Now ye may judge if his fore-elders were not scared by the lad's tale, for they knew that he had fallen in with one of the Dwarf-kin, and his grandam caught him up and hugged him and kissed him well favouredly; and the carline, whose name was Bridget, followed on the like road; and then she said: "See you, kinsmen, if it be not my doing that the blessed bairn has come back to us. Tell us, sweetheart, what thou hast round thy neck under thy shirt." Osberne laughed. Said he: "Thou didst hang on me a morsel of parchment with signs drawn thereon, and it is done in a silk bag.

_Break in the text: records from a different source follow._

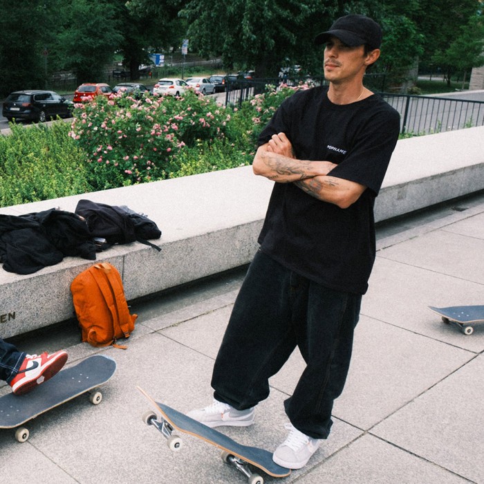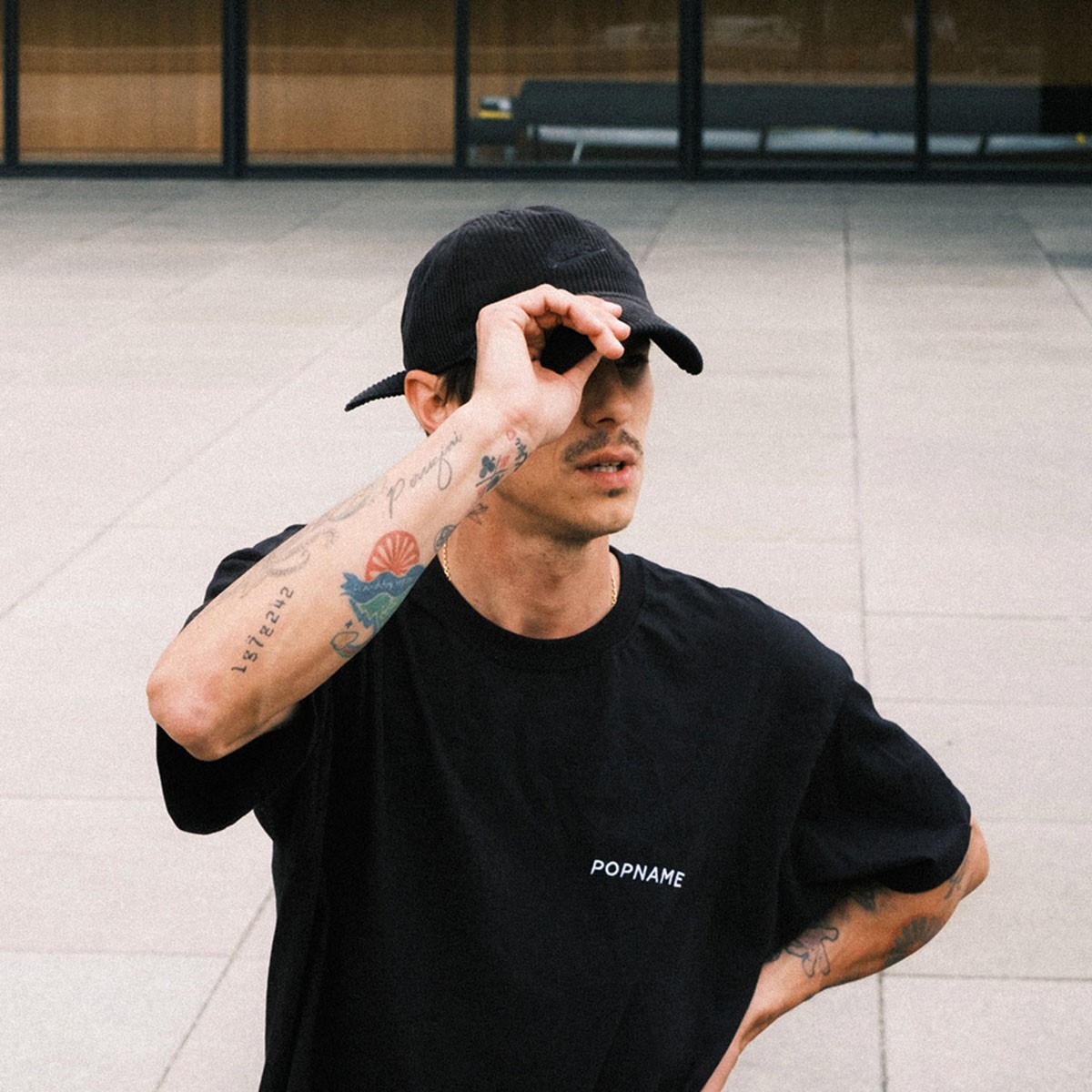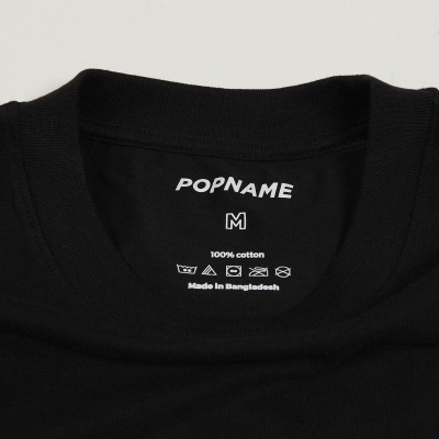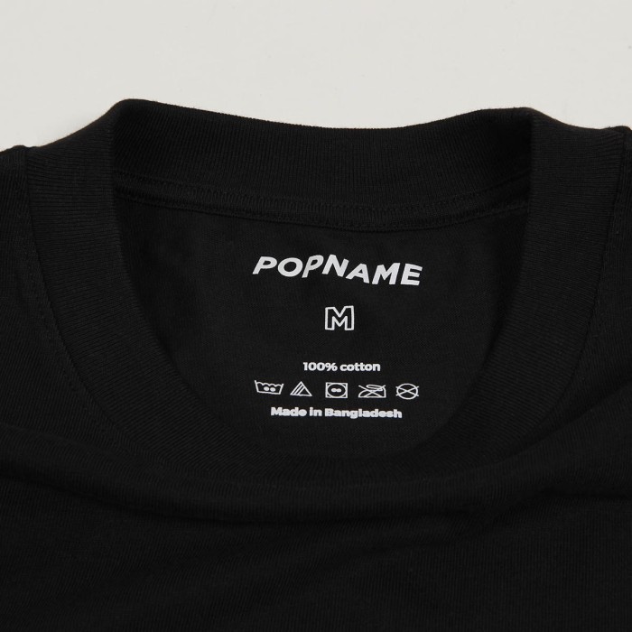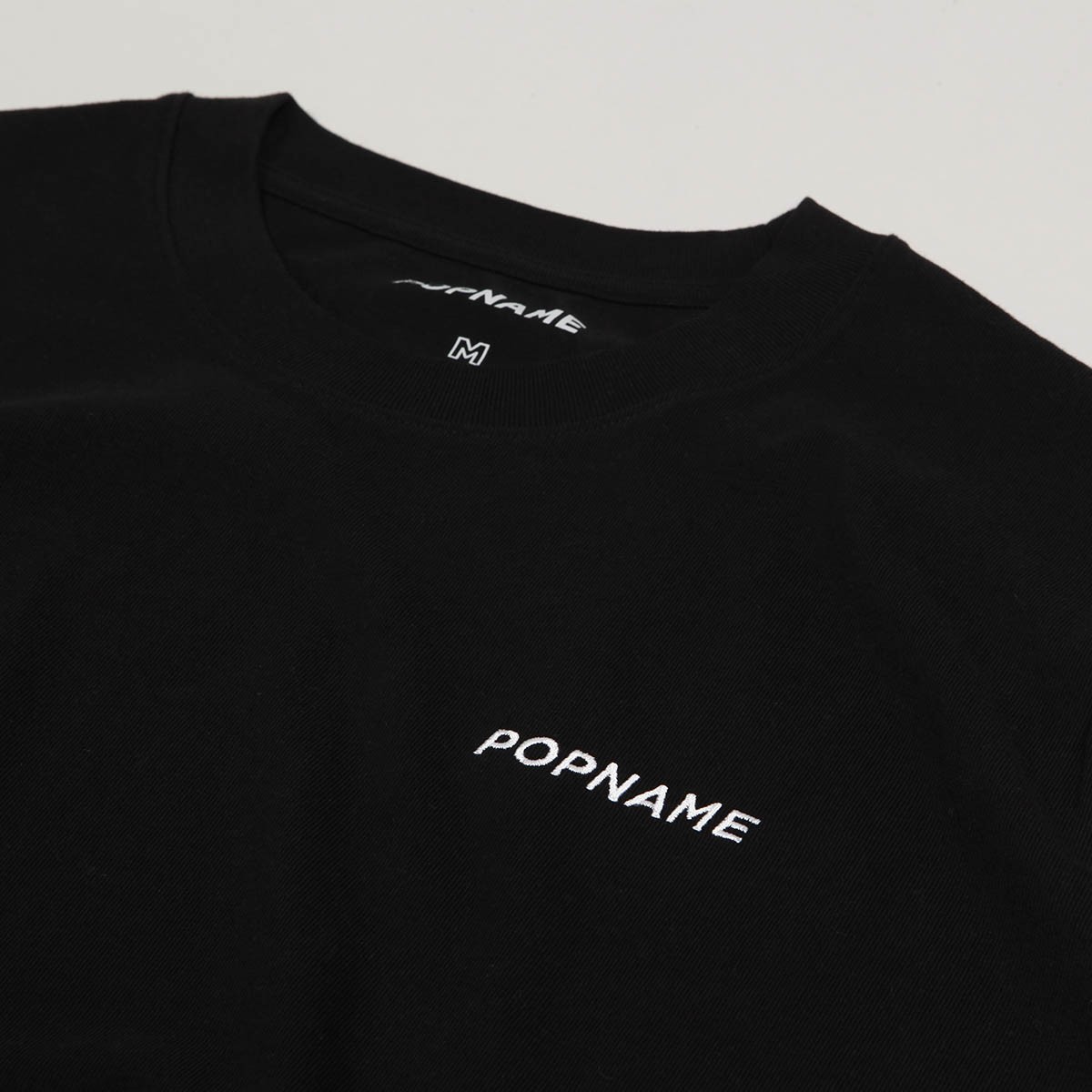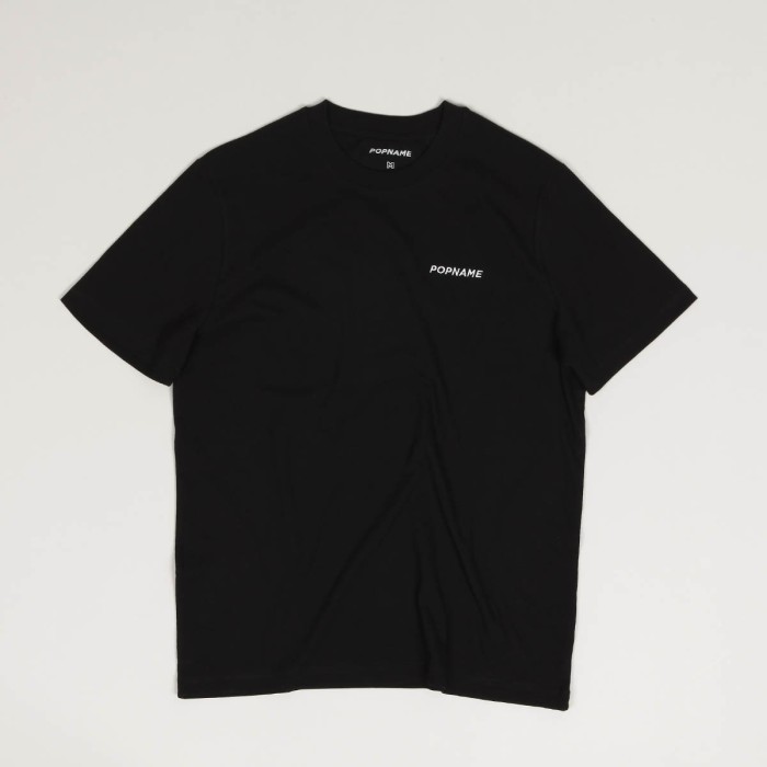 Black T-shirt with short sleeves and an embroidered POPNAME mini logo on the chest.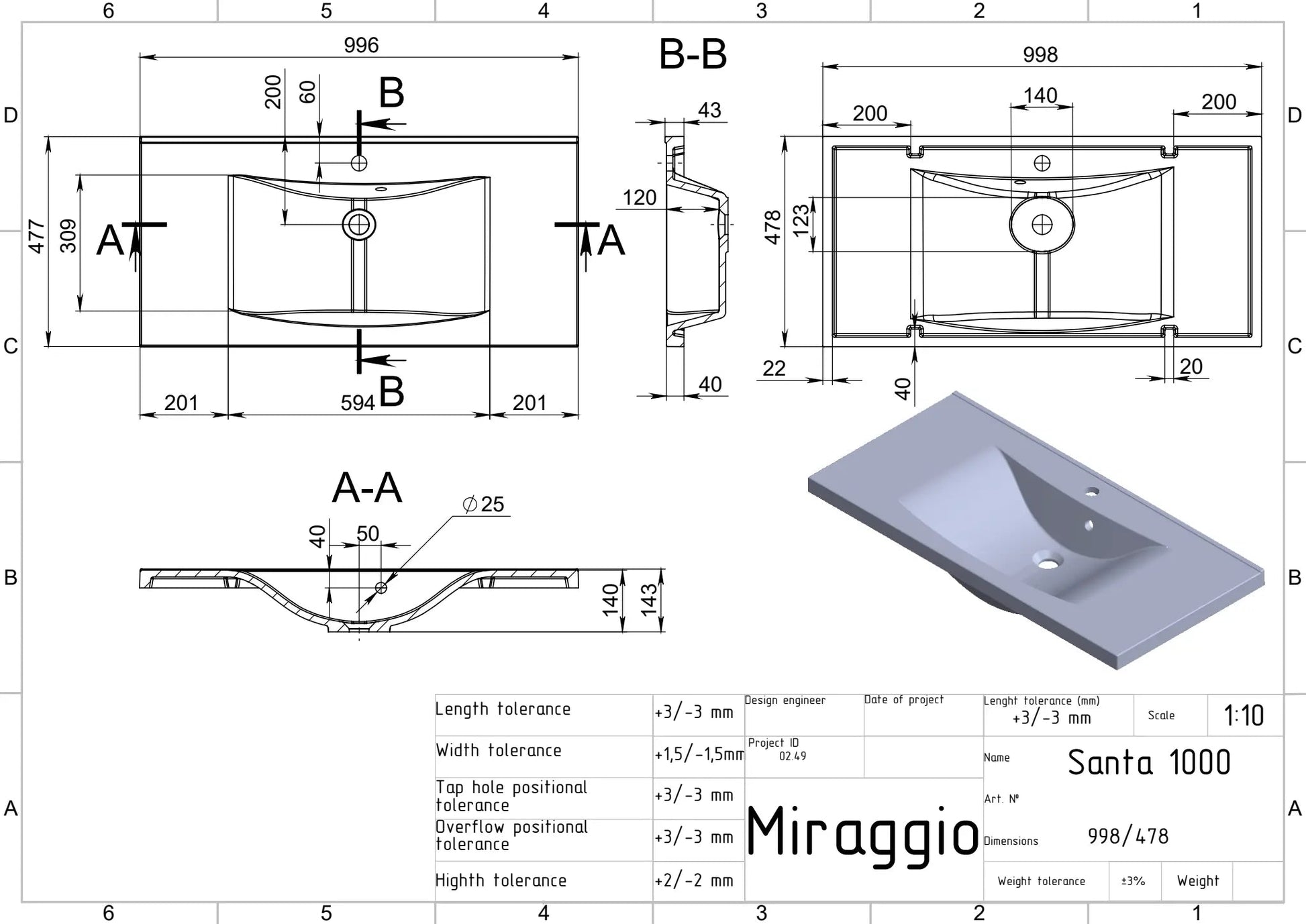 Lavoar Santa 1000, fabricat din compozit de cea mai bună calitate, cu finisaj alb strălucitor.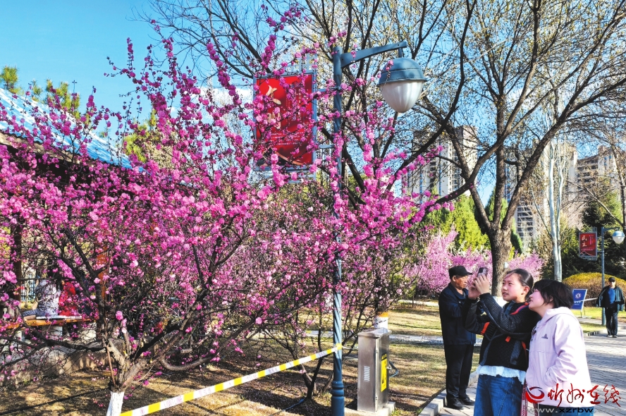近日,游客在城區(qū)人民公園打卡拍照,樂享春日美好時光。(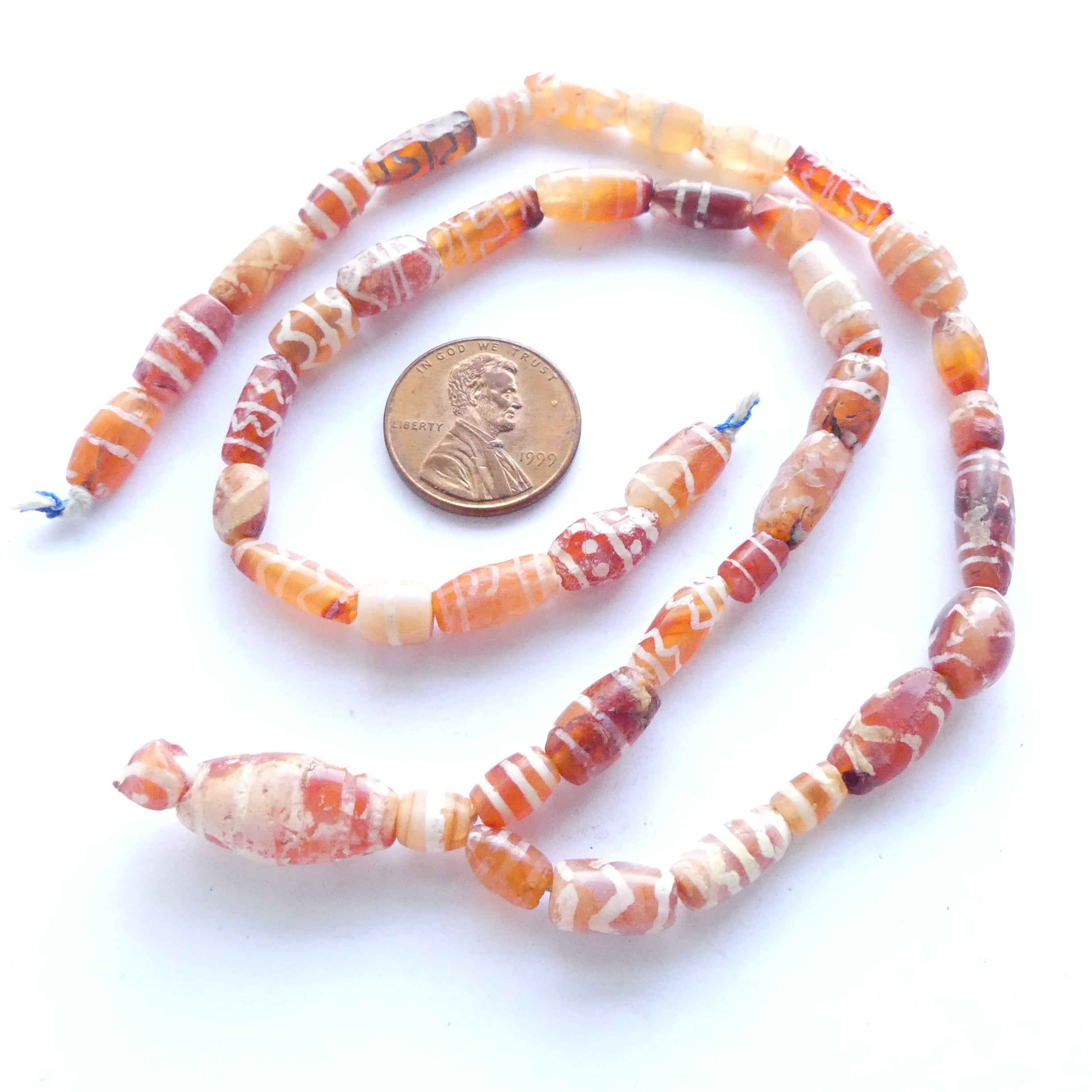 - Ancient etched carnelian beads from Afghanistan, largest pendant bead 18mm
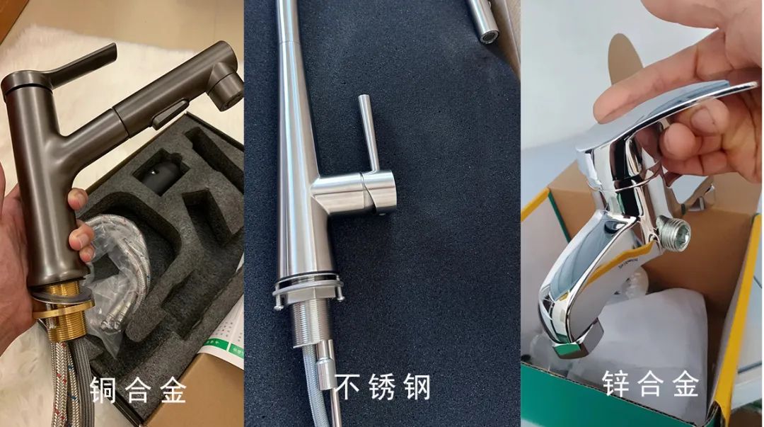 对比来看,锌合金价格低,但年久容易被腐蚀,为了身体健康不建议选购。大多数家庭会选择不锈钢的水龙头,它的性价比最高,但是要注意认准sus304不锈钢,不然用不了多久就会生锈。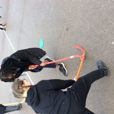 Today in PE, we continued to play hockey.

Fear not, foster-mother, but that I will wear it yet, since thou makest such to-do over it."

"Ah! the kind lad thou art, my dear," said the carline. "I will tell you, kinsmen, that I had that said parchment from our priest, and it is strong neckguard against all evil things, for on it is scored the Holy Rood, and thereon are the names of the three Holy Kings, and other writing withal which I may not read, for it is clerks' Latin." And again the two women made much of the little lad, while the goodman stood by grumbling and grunting; but this time did Osberne escape his beating, though he was promised a drubbing which should give him much to think on if he went that way again; and the women prayed and besought him to be obedient to the goodman herein.

But one thing he had not told his kinsfolk, to wit, that the Dwarf had given him for a gift that same knife wherewith he had played the game of heads-off, and a fair sheath went with it, and he had done him to wit that most like luck would go with it. Wherefore little Osberne had the said knife hidden under his raiment, along with the parchment whereon was scored the Holy Rood and the good words of wisdom written.